Last night was Guy Fawkes Night in New Zealand, a time when adults get all giggly as they watch their personal fireworks explode in colourful bangs, pops and whistles. I admit it: I just don’t get the attraction.
Guy Fawkes Night observes the anniversary of the 1605 Gunpowder Plot, in which a group of Catholics from the English Midlands tried to assassinate King James I and the Protestant aristocracy by blowing up the House of Lords during the state opening of Parliament.
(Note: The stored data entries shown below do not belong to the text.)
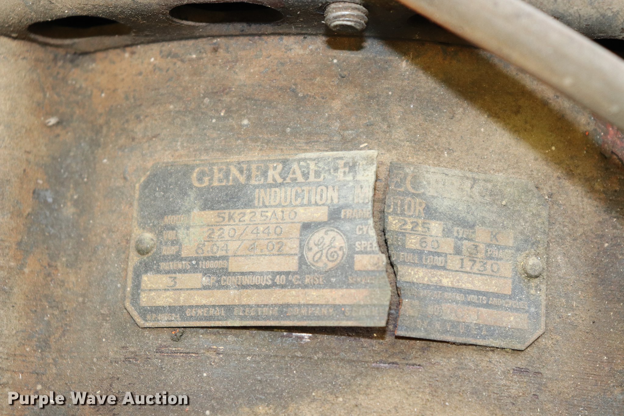 Purple Wave is selling a used Air Compressor in Kansas. This item is a (3) air compressors with the following: Ajax electric motor, 5 HP, 230V, Single phase, Serial 66-05694-814, Model 5000, General Electric motor, 5 HP, 230/460V, Three phase, Non-operational unit, Serial 4005X4221, General Electric motor, 220/440V, Three phase, Unknown operating condition
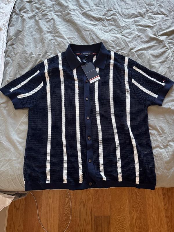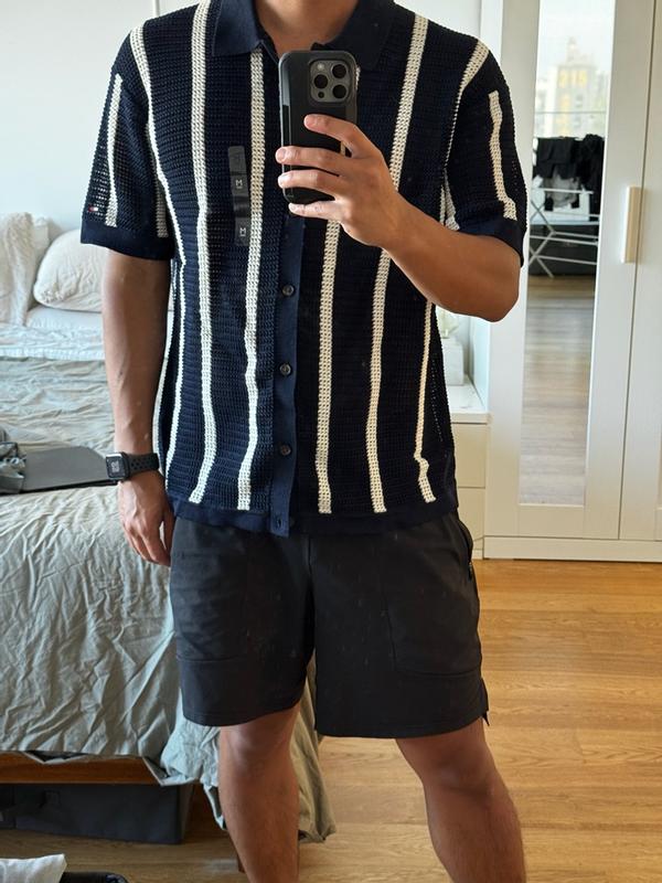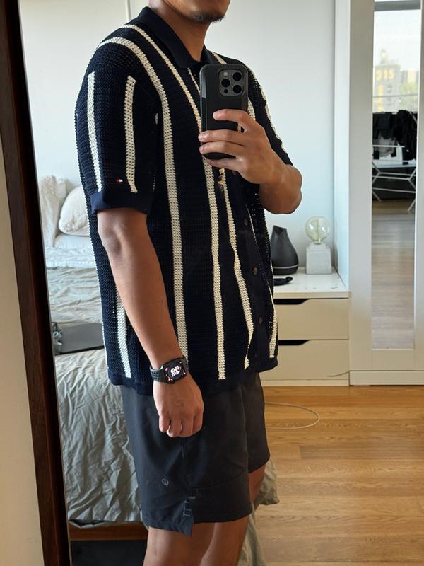 The Vertical Stripe Open Knit Shirt in dark blue and white will likely be one of my favorite pieces for vacation and laid-back weekends. The quality really stands out as it feels well-made, with a soft, comfortable fabric that is a pleasure to wear. I noticed that it runs a little large, which actually works in its favor for a loose, relaxed fit, especially when you want something easy and breathable in warmer weather. The material has a nice stretch that makes it even more comfortable, whether attending a gathering by the pool or just strolling on the beach. Because of the open knit design, I plan to layer it over a plain white t-shirt, which looks fresh and helps keep things stylish but casual. What I really like is how versatile it is, since it pairs just as well with shorts as it does with lightweight pants, and it works with almost any color. Overall, this shirt fits perfectly with a vacation or resort vibe and feels like something I will keep reaching for all season.
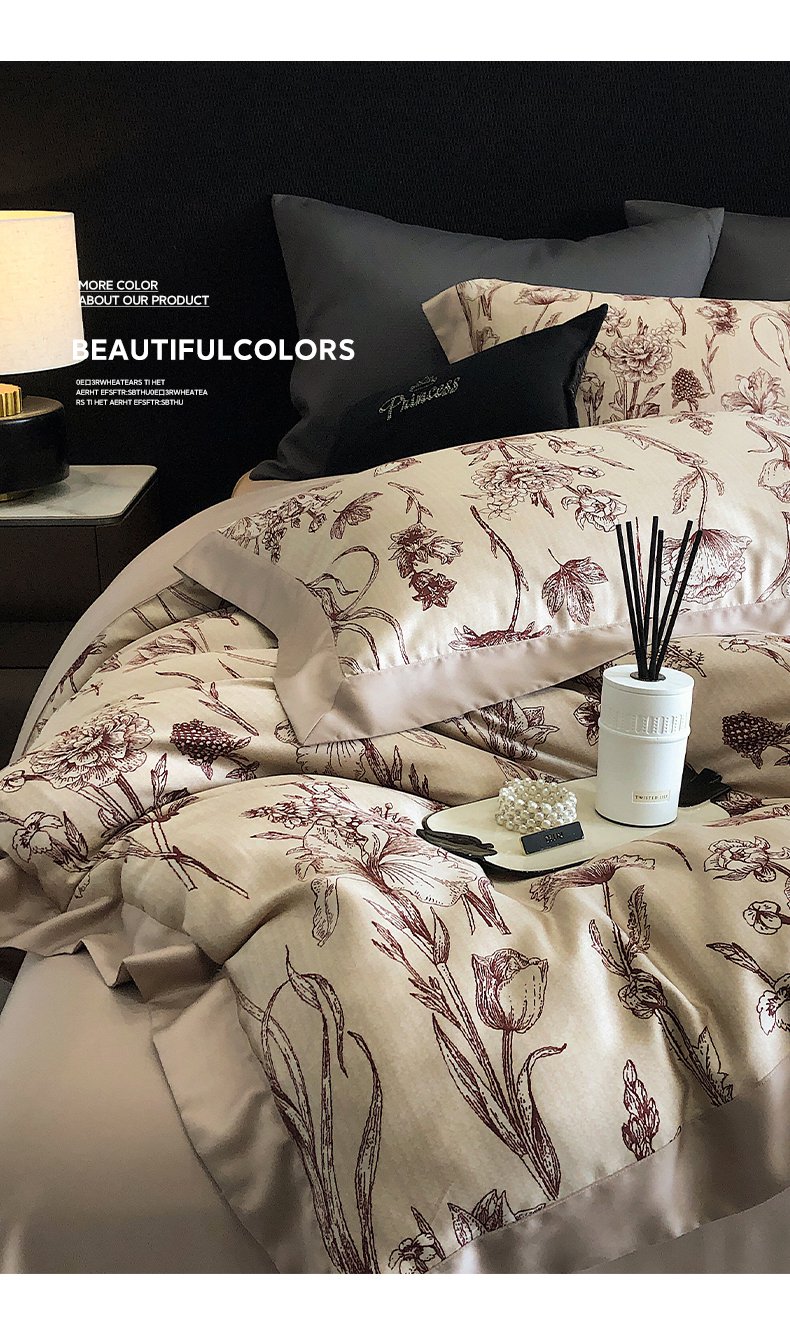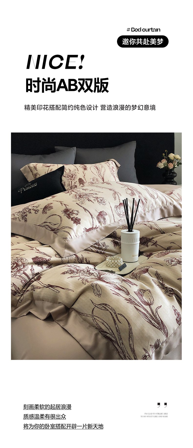 商品名称:2024新款60支兰精天丝数码印花四件套系列 希拉-红

The night is named after Guy Fawkes (pictured), the most famous co-conspirator,who was caught on November 5. After being tortured, Fawkes revealed the names of his co-conspirators. He was found guilty of treason, but at his execution he jumped from the gallows to snap his neck so that he wouldn’t be taken down still alive and drawn and quartered, as other conspirators had been. Nice, eh?
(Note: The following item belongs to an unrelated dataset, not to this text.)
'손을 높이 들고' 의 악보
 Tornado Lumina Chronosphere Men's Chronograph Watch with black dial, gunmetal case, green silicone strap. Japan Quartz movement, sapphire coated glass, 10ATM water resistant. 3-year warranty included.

The night is now commemorated with fireworks, and sometimes bonfires are still lit on which an effigy of Guy Fawkes is burned. Mostly, though, it’s now just an excuse to blow up some fireworks.
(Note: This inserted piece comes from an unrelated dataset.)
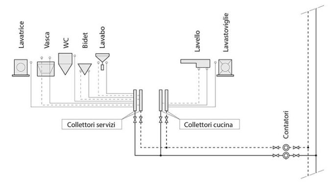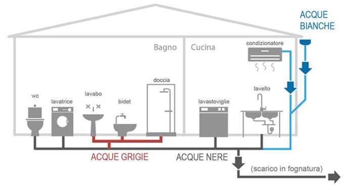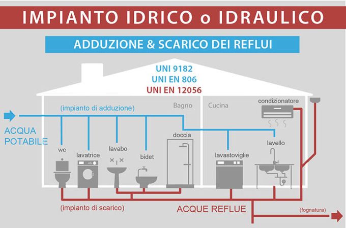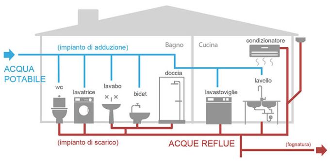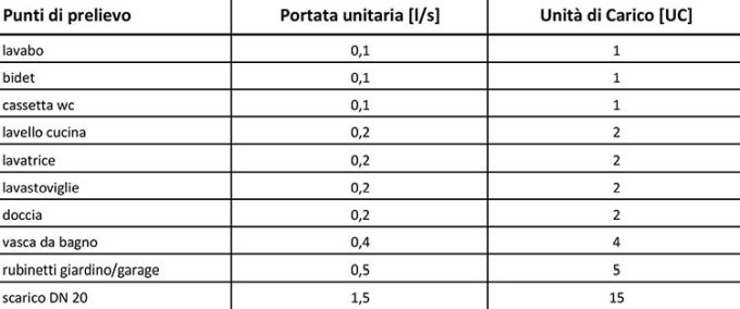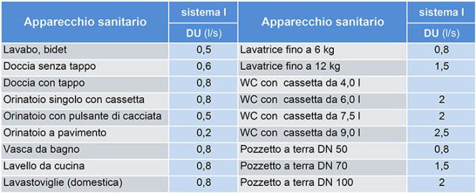 Progettazione, calcolo e dimensionamento, secondo la normativa vigente, del sistema di scarico delle acque reflue: reti, diramazioni e colonne di scarico Indice degli argomenti: Lo scarico delle acque reflue (UNI EN 12056) Componenti dell’impianto di scarico La ventilazione degli scarichi Progetto, calcolo e dimensionamento delle reti di scarico Dimensionamento delle diramazioni di scarico (senza ventilazione) Dimensionamento delle colonne di scarico Collaudo e messa in funzione dell’impianto In un precedente articolo abbiamo trattato il tema dell’impianto idrico, idraulico o idrosanitario domestico, di adduzione e scarico delle acque reflue in generale. Oggi vediamo di addentrarci nella progettazione, calcolo e dimensionamento, secondo la normativa vigente, del sistema di scarico delle acque reflue: reti, diramazioni e colonne di scarico. L’impianto idraulico è quel sistema di condotte e tubazioni che alimentano i servizi igienici del bagno wc, lavabo, bidet, doccia- la lavatrice, il lavello della cucina e la lavastoviglie. Dalla rete pubblica, posta sotto la strada o il marciapiede e, attraverso una rete di tubazioni, valvole e pompe, l’acqua potabile arriva direttamente nella nostra abitazione sia essa casa unifamiliare o appartamento in condominio – per soddisfare i nostri bisogni: da bere o per cucinare, lavare le stoviglie o i vestiti, per l’igiene personale. Da qui, poi la rete di scarico permetterà ai liquami di defluire verso la rete fognaria comunale. Lo scarico delle acque reflue (UNI EN 12056) Gli impianti domestici devono essere progettati a regola d’arte, nel rispetto del DM 37/08 ed in conformità alle norme tecniche armonizzate europee. La normativa di riferimento per gli impianti di scarico delle acque reflue è la UNI EN 12056:2001 (Sistemi di scarico funzionanti a gravità all’interno degli edifici – Impianti per acque reflue, progettazione e calcolo). La norma, divisa in 5 parti, indica requisiti e prestazioni e fornisce indicazioni per la corretta progettazione e calcolo di impianti per acque reflue e sistemi per l’evacuazione delle acque meteoriche. Oltre a modalità d’installazione, istruzioni per l’esercizio, la manutenzione e l’uso. Le acque reflue si definiscono domestiche se provenienti da insediamenti di tipo residenziale e derivanti prevalentemente dal metabolismo umano e da attività domestiche (art.74, D.Lgs n. 152/06). Contaminate dall’uso e solitamente scaricate da WC, docce, vasche da bagno, bidè, lavabi, lavelli e pozzetti a terra, secondo le definizioni date dalla norma UNI EN 12056, possono classificarsi in: Acque grigie: acque reflue provenienti da lavaggi (saponose) Acque nere: acque reflue provenienti dall’organismo umano (che contengono materia fecale o urina) Acque bianche o meteoriche: acque derivanti da precipitazioni naturali Per “Impianti di Scarico” si intende quell’insieme di tubazioni, raccordi e apparecchiature necessarie a ricevere, convogliare e smaltire le acque usate provenienti dagli apparecchi sanitari ad uso domestico. Solitamente le acque bianche vengono convogliate separatamente dai reflui domestici e vanno direttamente nel terreno. Le reti di scarico devono consentire l’evacuazione, rapida e senza ristagni, delle acque di rifiuto verso il sistema di smaltimento esterno. A tal fine si devono realizzare le opportune pendenze e scegliere diametri adeguati per i tubi. Devono inoltre essere resistenti alle sollecitazioni meccaniche, termiche ed alle azioni corrosive dei liquami. È inoltre fortemente raccomandabile utilizzare tubazioni e dispositivi isolati acusticamente onde evitare rumori eccessivi. Numerosi sono i tipi di sistemi di scarico di acque reflue oggi in uso, ma in Europa e anche in Italia, si preferisce dimensionare le diramazioni di scarico – a cui sono connessi i sanitari – supponendo un grado di riempimento pari a 0,5 (50%) con relativa connessione ad un’unica colonna di scarico (Sistema 1 indicato nella UNI EN 12056-2). Questa soluzione tecnica garantisce minori livelli di rumorosità ed evita sensibilmente il rischio di perdita della guardia idraulica dei sifoni. Componenti dell’impianto di scarico Un sistema di scarico all’interno degli edifici è costituito dai seguenti componenti fondamentali: sifone: Dispositivo installato direttamente agli apparecchi sanitari avente lo scopo di impedire il passaggio di cattivi odori mediante tenuta idraulica; diramazione di scarico: Tubazione a sviluppo prevalentemente orizzontale che collega gli apparecchi sanitari ad una colonna di scarico o ad un collettore di scarico; colonna di scarico: Tubazione a sviluppo prevalentemente verticale che convoglia le acque reflue provenienti dagli apparecchi sanitari; collettore di scarico: Tubazione sub-orizzontale, installata a vista all’interno di un edificio o interrata, alla quale sono raccordate le colonne di scarico o gli apparecchi sanitari del piano terreno; colonna di ventilazione: Tubazione prevalentemente a sviluppo verticale, raccordata ad una colonna di scarico, avente la funzione di limitare le variazioni di pressione all’interno di quest’ultima. La colonna di ventilazione può coincidere con la colonna di scarico ma, in tal caso, dovrà essere prolungata oltre la copertura per captare l’aria esterna o essere provvista di una valvola di aereazione. Il sifone, elemento di raccordo tra l’apparecchio sanitario e le tubazioni del sistema di scarico, ha la funzione di impedire la penetrazione dei cattivi odori nell’edificio. La profondità della tenuta idraulica (H) del sifone, ovvero la profondità dell’acqua che dovrebbe essere eliminata da un sifone completamente pieno, prima che i gas ed i cattivi odori a pressione atmosferica possano attraversare il sifone, non deve essere minore di 50 mm. Esistono 3 tipologie standard di sifone per gli apparecchi sanitari domestici: sifone a S (o a collo d’oca) sifone a bottiglia sifone a colonna Un corretto sistema di sca

At a nearby park last night, children squealed with delight as skyrockets screamed into the sky and exploded. The entire neighbourhood was filled with the smell of gunpowder carried by smoke resembling a light fog. At the waterfront, Auckland looked like a war was going on—smoke hanging over the city, small explosions and pops going off everywhere.
Before 10pm, it was all over. Some morning reports said that the night was mayhem unleashed, others said it was relatively uneventful. The truth, as it always does, no doubt lies somewhere in between.
But the NZ Fire Service plans on continuing its push for a total ban on personal fireworks (they can now be sold to persons 14 years and older for the ten days prior to November 5). It’s a move backed by the SPCA, which says fireworks frighten animals.
My own guess is that sooner or later, fireworks will be banned, and people will complain about “political correctness gone mad” again. The day, with its strong anti-Catholic origins, clearly has no relevance to modern New Zealand. Is that reason enough to ban it? Of course not. The end, when it comes, will be because of something mundane like fire danger.
But when personal fireworks are gone, will anyone have any reason to “remember, remember the fifth of November”?